We here see that before he was one-and-twenty years old, Greg was possessed by the conception that haunted him to the very end. When the people complain, their complaint savours of rebellion. Those who make themselves the mouthpieces of popular complaint must be wicked incendiaries. The privileged classes must be ordained by Nature to rule over the non-privileged. The few ought to direct and teach, the many to learn. That was Greg's theory of government from first to last. It was derived at this time, I suppose, from Burke, without the powerful correctives and indispensable supplements that are to be found in Burke's earlier writings. Some one said of De Tocqueville, who afterwards became Mr. Greg's friend, and who showed in a milder form the same fear of democracy, 'Il a commencé à penser avant d'avoir rien appris; ce qui fait qu'il a quelquefois pensé creux.' What is to be said for Mr. Greg, now and always, is that he most honourably accepted the obligations of his doctrine, and did his best to discharge his own duties as a member of the directing class.

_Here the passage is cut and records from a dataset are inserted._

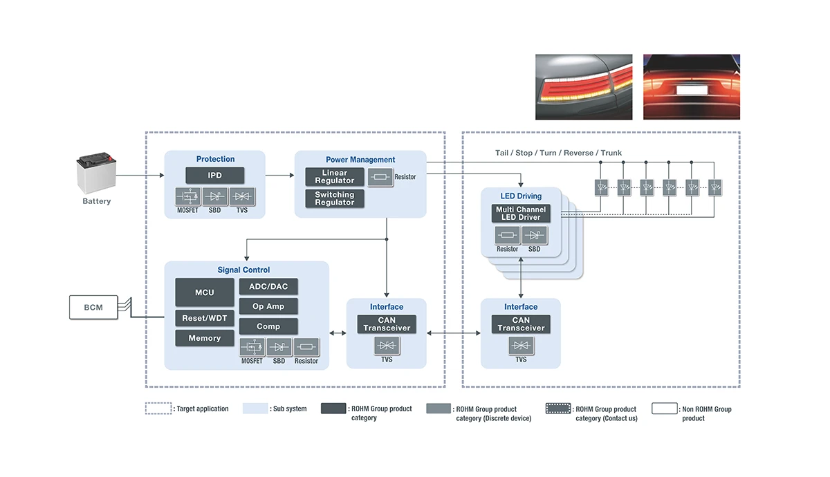 로옴은 기능 안전에 적합한 고기능 LED 드라이버 IC를 제공함으로써 애니메이션 램프의 다채로운 디자인을 실현합니다.
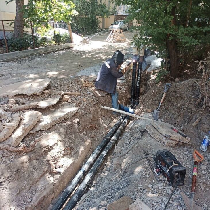 Работы ведутся на пересечении улиц Строителей и Щербака. Процесс осложнён наличием множества коммуникаций, пересекающих в нескольких местах заменяемый участок сетей.
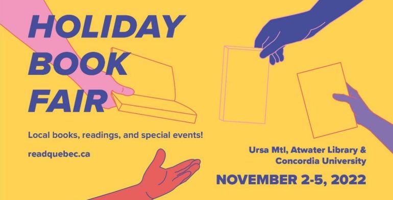 The Holiday Book Fair is open Friday and Saturday November 4-5, 2022, from 11 am – 5 pm, in the Atrium of the McConnell Building at Concordia University, 1400 De Maisonneuve Boulevard W.. The building is accessible directly from Guy metro and fully accessible to wheelchairs and strollers.
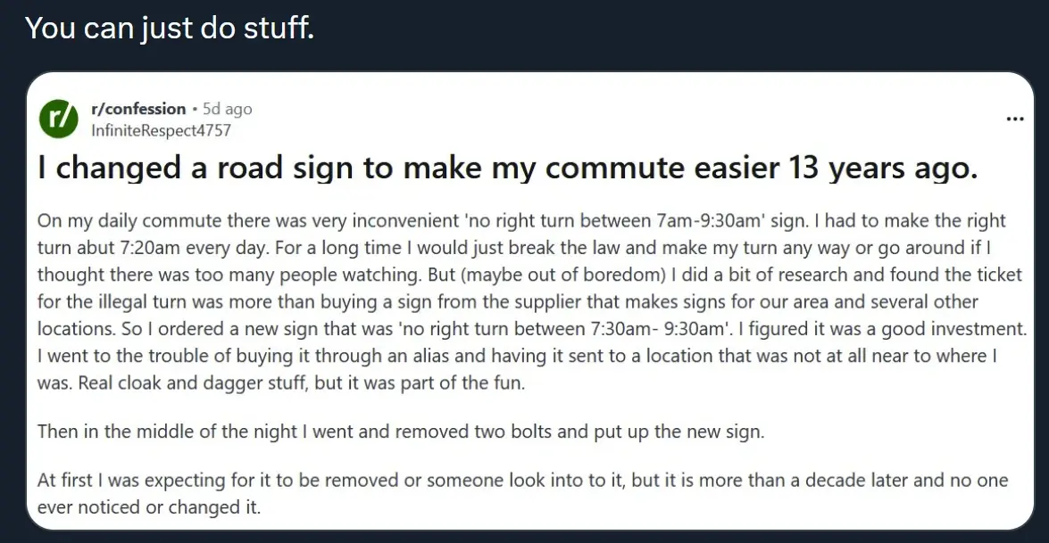 You’re right, illegally changing a public sign on a public road in order to make your own commute marginally shorter is absolutely just totally cool, and you would know because you “work for the government”.
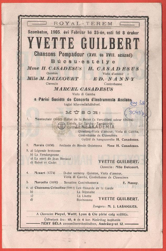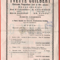 Yvette Guilbert koncertje. Hátoldalán Sarasate és Marx-G. hegedű zongora koncertjének hirdetése.
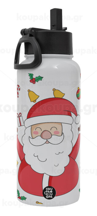 Santa Claus gifts, Metal mug thermo White with Straw and Spout Lid (Stainless steel), double wall, 950ml
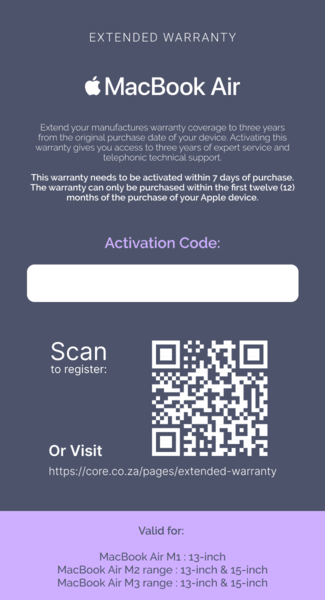 The Warranty needs to be activated within 7 days of purchase. The warranty can only be purchased within the first 12 months of the purchase of your Apple device.

He did not escape moods of reaction. The truth seems to be, that though his life was always well filled, he inherited rather the easy and buoyant disposition of his father than the energy and strenuousness of his mother, though he too could be energetic and strenuous enough upon occasion. Both William Greg and his favourite brother were of what is called, with doubtful fitness, the feminine temperament. It was much less true of William than of Samuel Greg; but it was in some degree true of him also that, though firm, tenacious, and infinitely patient, 'he rather lacked that harder and tougher fibre, both of mind and frame, which makes the battle of life so easy and so successful to many men.' It may be suspected in both cases that their excessive and prolonged devotion to the practice of mesmerism and animal magnetism had tended to relax rather than to brace the natural fibre. Samuel Greg broke down at a comparatively early age; and though his brother's more vigorous system showed no evil results for many long years to come, there was a severe reaction from the nervous tension of their mesmeric experimentation.